Using PostgreSQL, you can add asynchronous read replicas to speed up reads from regions far from the primary one (the one handling reads and writes) and without affecting the primary's latency. This works when the reads can tolerate some staleness. If communication with the primary fails, you can choose to continue providing those reads even if the staleness increases.

YugabyteDB distributes reads and writes across the cluster by sharding tables and indexes into tablets, which are Raft groups, based on their respective primary key and indexed columns. You may decide to place the Raft leaders in a specific region to reduce the latency for the main user's region and have all Raft followers in other regions. When reading from one follower, it is not guaranteed to get the latest changes because it needs a quorum to get a consensus on the current state. However, when setting a read-time in the near past, typically 15 or 30 seconds, for a read-only transaction, one follower knows if it received all writes as of this point in time.

This means that we can read from a follower, which may be closer, with reduced latency, when accepting a defined staleness. However, having followers in remote regions may impact the write latency, as the leader waits for the acknowledgment of the majority of followers. When your goal is to allow reads with some staleness, asynchronous replication is sufficient and does not impact the primary. YugabyteDB offers three possibilities for read-only transactions that accept some staleness.

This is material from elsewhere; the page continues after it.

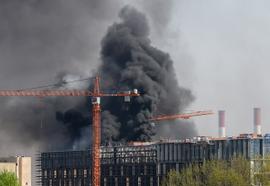 Столб чёрного дыма высотой с небоскрёб. Пожар в элитном московском ЖК попал на видео
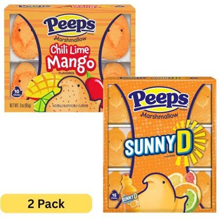 Peeps Marshmallow Candy Variety 2-Pack Sunny D Citrus (4.5 Oz) & Chili Mango Lime (3 Oz) Limited Edition Easter Candy 7.5 Oz Total

  • Raft followers in the primary cluster of the YugabyteDB Universe: They participate in the quorum. A network partition may affect the latency for the write workload and could impact availability in the event of additional failures.
  • Read Replica in additional nodes of the same Universe: The YugabyteDB cluster can be extended with extra Raft peers in a remote region. These peers receive writes asynchronously and do not participate in the quorum. They serve as a complete data copy to reduce read latency from a remote region. However, they need to be connected to the cluster and cannot be used for disaster recovery.
  • xCluster replica in another YugabyteDB universe: On a per-table basis, the write-ahead log (WAL) can be fetched by another cluster to maintain an asynchronous copy. This has no impact on the primary cluster and remains available in case of a network partition. It can be used for disaster recovery or to maintain availability for read workloads as long as the increased staleness is acceptable.

The xCluster replication is ideal for replicating a single table across multiple regions without impacting the primary database's availability. It also enhances read performance and availability.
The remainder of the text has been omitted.